A recent 'net search comes up with some different candidates. A IP Addressing Space Management Applications? has some interesting pointers to IP Address Management solutions, both Open Source as well as Commercial. One Open Source solution that appeared to be a stand out is Carnegie Mellon's Network Registration/Network Monitoring solution. It is under active development. Internet2 has some links to solutions that handle various combinations of Agents, Registration, and Active/Passive Detection.

Some of the above actually crosses over into the region of Network Authentication, of which Internet2's SALSAK is trying to rigorize through a Poicy Framework. Their second draft has better details, in my opinion.

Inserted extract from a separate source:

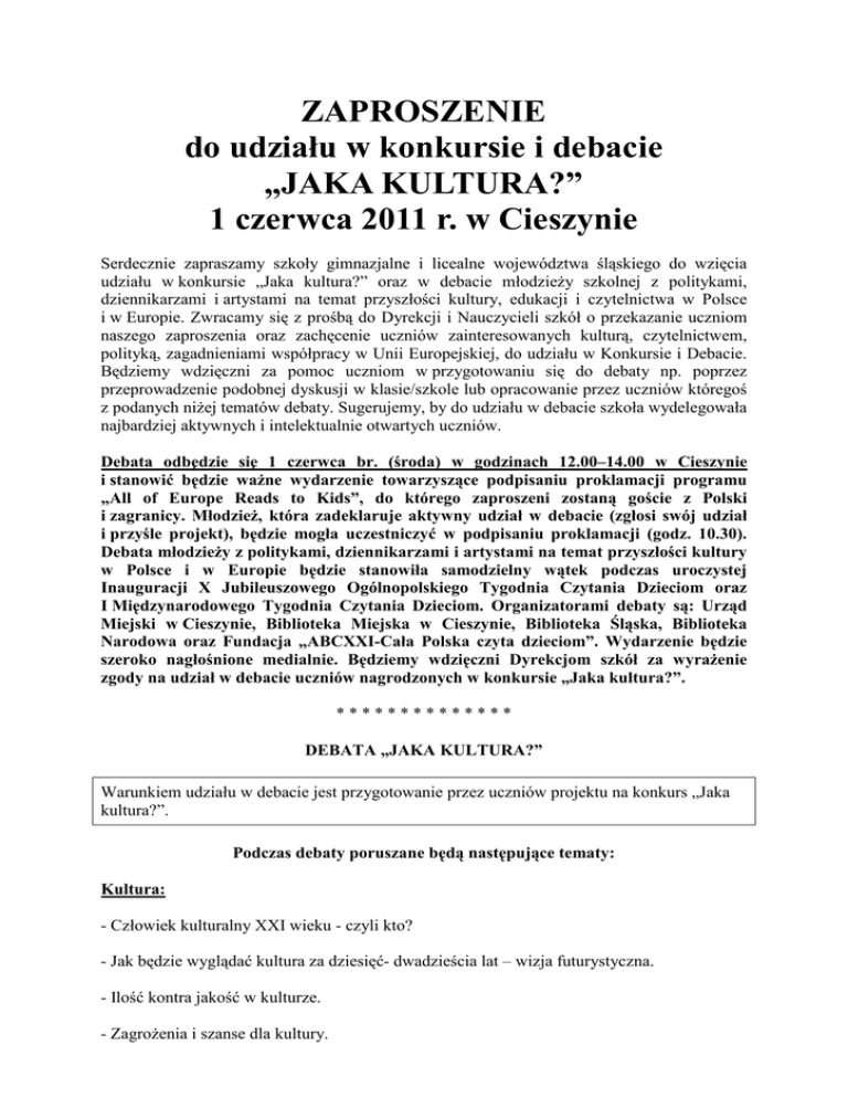ZAPROSZENIE do udziału w konkursie i debacie „JAKA KULTURA?” 1 czerwca 2011 r. w Cieszynie Serdecznie zapraszamy szkoły gimnazjalne i licealne województwa śląskiego do wzięcia udziału w konkursie „Jaka kultura?” oraz w debacie młodzieży szkolnej z politykami, dziennikarzami i artystami na temat przyszłości kultury, edukacji i czytelnictwa w Polsce i w Europie. Zwracamy się z prośbą do Dyrekcji i Nauczycieli szkół o przekazanie uczniom naszego zaproszenia oraz zachęcenie uczniów zainteresowanych kulturą, czytelnictwem, polityką, zagadnieniami współpracy w Unii Europejskiej, do udziału w Konkursie i Debacie. Będziemy wdzięczni za pomoc uczniom w przygotowaniu się do debaty np. poprzez przeprowadzenie podobnej dyskusji w klasie/szkole lub opracowanie przez uczniów któregoś z podanych niżej tematów debaty. Sugerujemy, by do udziału w debacie szkoła wydelegowała najbardziej aktywnych i intelektualnie otwartych uczniów. Debata odbędzie się 1 czerwca br. (środa) w godzinach 12.00–14.00 w Cieszynie i stanowić będzie ważne wydarzenie towarzyszące podpisaniu proklamacji programu „All of Europe Reads to Kids”, do którego zaproszeni zostaną goście z Polski i zagranicy. Młodzież, która zadeklaruje aktywny udział w debacie (zgłosi swój udział i przyśle projekt), będzie mogła uczestniczyć w podpisaniu proklamacji (godz. 10.30). Debata młodzieży z politykami, dziennikarzami i artystami na temat przyszłości kultury w Polsce i w Europie będzie stanowiła samodzielny wątek podczas uroczystej Inauguracji X Jubileuszowego Ogólnopolskiego Tygodnia Czytania Dzieciom oraz I Międzynarodowego Tygodnia Czytania Dzieciom. Organizatorami debaty są: Urząd Miejski w Cieszynie, Biblioteka Miejska w Cieszynie, Biblioteka Śląska, Biblioteka Narodowa oraz Fundacja „ABCXXI-Cała Polska czyta dzieciom”. Wydarzenie będzie szeroko nagłośnione medialnie. Będziemy wdzięczni Dyrekcjom szkół za wyrażenie zgody na udział w debacie uczniów nagrodzonych w konkursie „Jaka kultura?”. ************** DEBATA „JAKA KULTURA?” Warunkiem udziału w debacie jest przygotowanie przez uczniów projektu na konkurs „Jaka kultura?”. Podczas debaty poruszane będą następujące tematy: Kultura: - Człowiek kulturalny XXI wieku - czyli kto? - Jak będzie wyglądać kultura za dziesięć- dwadzieścia lat – wizja futurystyczna. - Ilość kontra jakość w kulturze. - Zagrożenia i szanse dla kultury. Edukacja: - Jakiego człowieka powinna wychowywać i kształcić szkoła? - Jak powinna wyglądać szkoła XXI wieku? - Jaki powinien być nauczyciel XXI wieku? - Portret obywatela Polski, portret obywatela Europy. Czytelnictwo: - Dlaczego czytanie nie jest popularne? - Czy książki są potrzebne? Jeśli tak, to jakie (treść, forma, kanały dotarcia do czytelnika)? - W jaki sposób skutecznie przekonać młodych ludzi do czytania książek? - Jak wychować i utrzymać czytelnika? ZASADY KONKURSU Zgłoszenia zespołów uczniów do udziału konkursie „Jaka kultura?”, podpisane przez Dyrektora szkoły, przyjmowane będą drogą mailową (skan zgłoszenia) na adres: [email protected] do 15 kwietnia 2011 r. Zainteresowane 2-4 osobowe zespoły uczniów proszone są o przygotowanie jednego lub dwóch projektów kampanii/ reklamy społecznej z zakresu tematyki, która będzie poruszana podczas debaty. Projekty mogą być zrealizowane dowolną techniką i w dowolnej formie, np. filmu, nagrania dźwiękowego, plakatu, logo, sloganu, instalacji, rzeźby, płaskorzeźby, happeningu, skeczu, pantomimy itp. Prezentacja jednego projektu podczas debaty nie może przekroczyć 3 minut. Organizatorzy konkursu stawiają na inteligencję, kreatywność, poczucie humoru i pasję uczestników. Treści i obrazy wulgarne, rasistowskie, drastyczne itp. będą dyskwalifikować projekt. Projekty reklamowe: filmy, opisy (max 1 strona), zdjęcia prac plastycznych (max 10 szt.), nagrania audio, prezentacje ppt. itp., przygotowane w wersji elektronicznej (wyłącznie formaty doc, jpg, pdf, ppt) i nagrane na płytach DVD należy przesłać do 10 maja 2011 r. na adres pocztowy (liczy się data stempla pocztowego): Aneta Satława Biblioteka Śląska 40-021 Katowice Plac Rady Europy 1 Z dopiskiem: Projekt na debatę. UWAGA! Do przesyłki z materiałami prezentacyjnymi należy dołączyć podpisany przez Dyrektora szkoły oryginał zgłoszenia. Projekty zostaną ocenione przez Jury złożone ze specjalistów w dziedzinie kultury, mediów i reklamy. Werdykt Jury jest ostateczny. Autorzy najciekawszych projektów zostaną zaproszeni do udziału w debacie i zaprezentowania na niej swych prac. Każdy Autor otrzyma dyplom uznania z podpisami polityków, dziennikarzy i artystów obecnych podczas debaty oraz książkę nagrodzoną w Konkursie Literackim im. Astrid Lindgren. Zwycięskie projekty zostaną również przedstawione na stronach internetowych Biblioteki Śląskiej, Biblioteki Narodowej, Fundacji „ABCXXI – Cała Polska czyta dzieciom” oraz na portalu YouTube. Zostaną też przesłane do Parlamentu Europejskiego. Wyniki konkursu zostaną ogłoszone pod koniec maja br. na stronach www Organizatorów, a Laureaci otrzymają indywidualne powiadomienia drogą mailową. Organizatorzy debaty pokryją Autorom nagrodzonych projektów koszty podróży do i z Cieszyna do miejsca zamieszkania Autorów. Koszt przygotowania projektów ponoszą szkoły/Autorzy projektów. Nauczyciele, którzy zechcą się podjąć pomocy uczniom w przygotowaniach do udziału w debacie, będą mogli również wziąć w niej udział, po jednej osobie z danej szkoły. Szkoły, do których uczęszczają Autorzy najciekawszych projektów, otrzymają dyplomy oraz pakiety książek, w tym książki autorstwa Ireny Koźmińskiej i Elżbiety Olszewskiej: „Wychowanie przez czytanie” oraz „Z dzieckiem w świat wartości”. Kontakt: Aneta Satława: Biblioteka Śląska, Plac Rady Europy 1, 40-021 Katowice,

So I can come back to this later, in following the various links from an earlier mentioned table, I came across PacketFence which is a Network Access Control (NAC) solution wrapped up in a VMWare deployment package.

When coming up with an IP Address Management Solution, BT Diamond IP has a handy guide to Best Practices for Next-Generation IP Address Management.

During my initial thoughts of what I'd like to see, I was focussing more on address management, floor diagrams, and port management than on DNS and DHCP. I figured DNS would be easy by simply exporting bind files on an as required basis. I havn't considered DHCP integration yet, but should be straight forward with dhcp configuration file exports, or data base lookups.

I had put together a schema diagram of what I was thinking of for ip address and facilities management.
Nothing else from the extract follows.